#### Required action:
In your copy, leave out the pictures and output only the lines from the one holding "03:35:04Das Team um" through the end of the data below, exactly.

#### Entries shown:
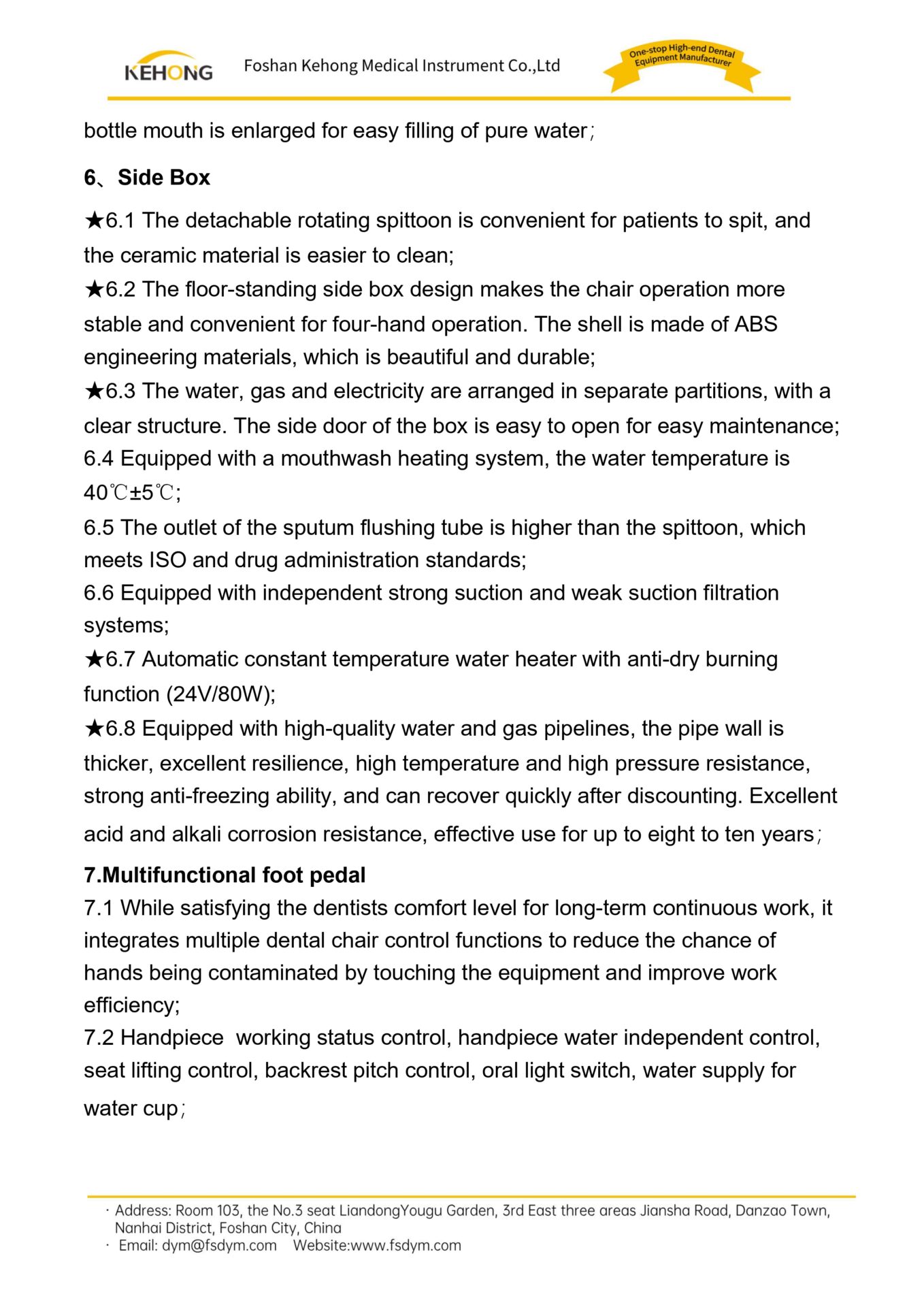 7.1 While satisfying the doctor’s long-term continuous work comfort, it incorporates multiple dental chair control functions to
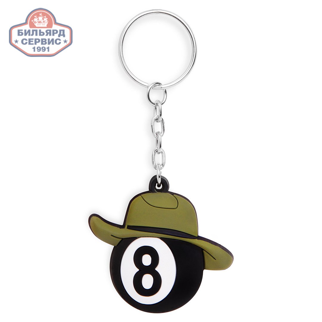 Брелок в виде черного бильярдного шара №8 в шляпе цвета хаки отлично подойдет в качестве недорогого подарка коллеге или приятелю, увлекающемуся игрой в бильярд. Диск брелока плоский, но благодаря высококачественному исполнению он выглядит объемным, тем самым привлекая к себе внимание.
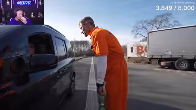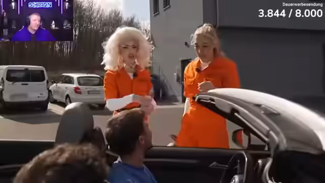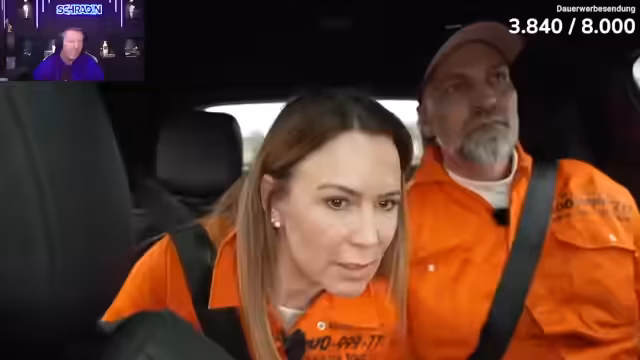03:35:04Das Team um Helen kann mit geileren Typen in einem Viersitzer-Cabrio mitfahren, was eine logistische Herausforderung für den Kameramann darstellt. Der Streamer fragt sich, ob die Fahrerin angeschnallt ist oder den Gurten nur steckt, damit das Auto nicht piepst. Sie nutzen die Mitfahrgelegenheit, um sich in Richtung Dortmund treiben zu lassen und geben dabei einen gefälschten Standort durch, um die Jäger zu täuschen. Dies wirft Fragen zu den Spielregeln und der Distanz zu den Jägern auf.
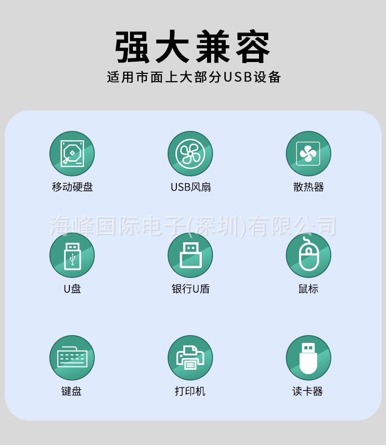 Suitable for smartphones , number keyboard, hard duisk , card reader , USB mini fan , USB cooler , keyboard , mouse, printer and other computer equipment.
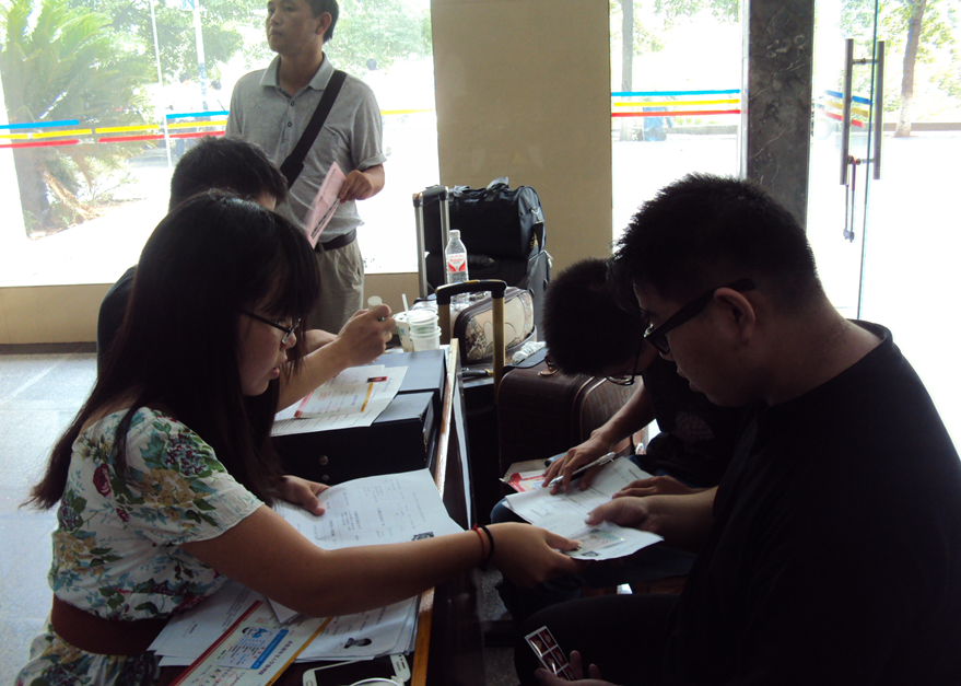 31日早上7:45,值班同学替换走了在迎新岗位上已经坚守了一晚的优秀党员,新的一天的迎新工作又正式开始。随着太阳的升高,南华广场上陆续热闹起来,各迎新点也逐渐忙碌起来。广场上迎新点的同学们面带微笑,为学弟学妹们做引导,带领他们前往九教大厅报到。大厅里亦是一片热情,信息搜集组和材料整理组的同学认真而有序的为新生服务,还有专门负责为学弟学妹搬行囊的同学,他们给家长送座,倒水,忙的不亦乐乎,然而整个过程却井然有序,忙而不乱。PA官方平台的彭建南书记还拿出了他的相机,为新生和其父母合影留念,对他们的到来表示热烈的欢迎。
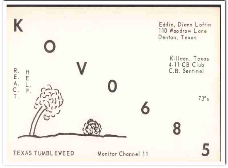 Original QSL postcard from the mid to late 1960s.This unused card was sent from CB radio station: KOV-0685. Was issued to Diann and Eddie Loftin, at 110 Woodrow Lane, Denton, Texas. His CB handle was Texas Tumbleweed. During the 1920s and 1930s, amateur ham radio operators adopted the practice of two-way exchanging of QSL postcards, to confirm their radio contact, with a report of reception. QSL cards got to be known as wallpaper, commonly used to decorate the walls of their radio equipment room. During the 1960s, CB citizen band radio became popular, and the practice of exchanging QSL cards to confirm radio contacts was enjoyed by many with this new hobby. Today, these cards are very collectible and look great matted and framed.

#### Response area:
03:35:04Das Team um Helen kann mit geileren Typen in einem Viersitzer-Cabrio mitfahren, was eine logistische Herausforderung für den Kameramann darstellt. Der Streamer fragt sich, ob die Fahrerin angeschnallt ist oder den Gurten nur steckt, damit das Auto nicht piepst. Sie nutzen die Mitfahrgelegenheit, um sich in Richtung Dortmund treiben zu lassen und geben dabei einen gefälschten Standort durch, um die Jäger zu täuschen. Dies wirft Fragen zu den Spielregeln und der Distanz zu den Jägern auf.
 Suitable for smartphones , number keyboard, hard duisk , card reader , USB mini fan , USB cooler , keyboard , mouse, printer and other computer equipment.
 31日早上7:45,值班同学替换走了在迎新岗位上已经坚守了一晚的优秀党员,新的一天的迎新工作又正式开始。随着太阳的升高,南华广场上陆续热闹起来,各迎新点也逐渐忙碌起来。广场上迎新点的同学们面带微笑,为学弟学妹们做引导,带领他们前往九教大厅报到。大厅里亦是一片热情,信息搜集组和材料整理组的同学认真而有序的为新生服务,还有专门负责为学弟学妹搬行囊的同学,他们给家长送座,倒水,忙的不亦乐乎,然而整个过程却井然有序,忙而不乱。PA官方平台的彭建南书记还拿出了他的相机,为新生和其父母合影留念,对他们的到来表示热烈的欢迎。
 Original QSL postcard from the mid to late 1960s.This unused card was sent from CB radio station: KOV-0685. Was issued to Diann and Eddie Loftin, at 110 Woodrow Lane, Denton, Texas. His CB handle was Texas Tumbleweed. During the 1920s and 1930s, amateur ham radio operators adopted the practice of two-way exchanging of QSL postcards, to confirm their radio contact, with a report of reception. QSL cards got to be known as wallpaper, commonly used to decorate the walls of their radio equipment room. During the 1960s, CB citizen band radio became popular, and the practice of exchanging QSL cards to confirm radio contacts was enjoyed by many with this new hobby. Today, these cards are very collectible and look great matted and framed.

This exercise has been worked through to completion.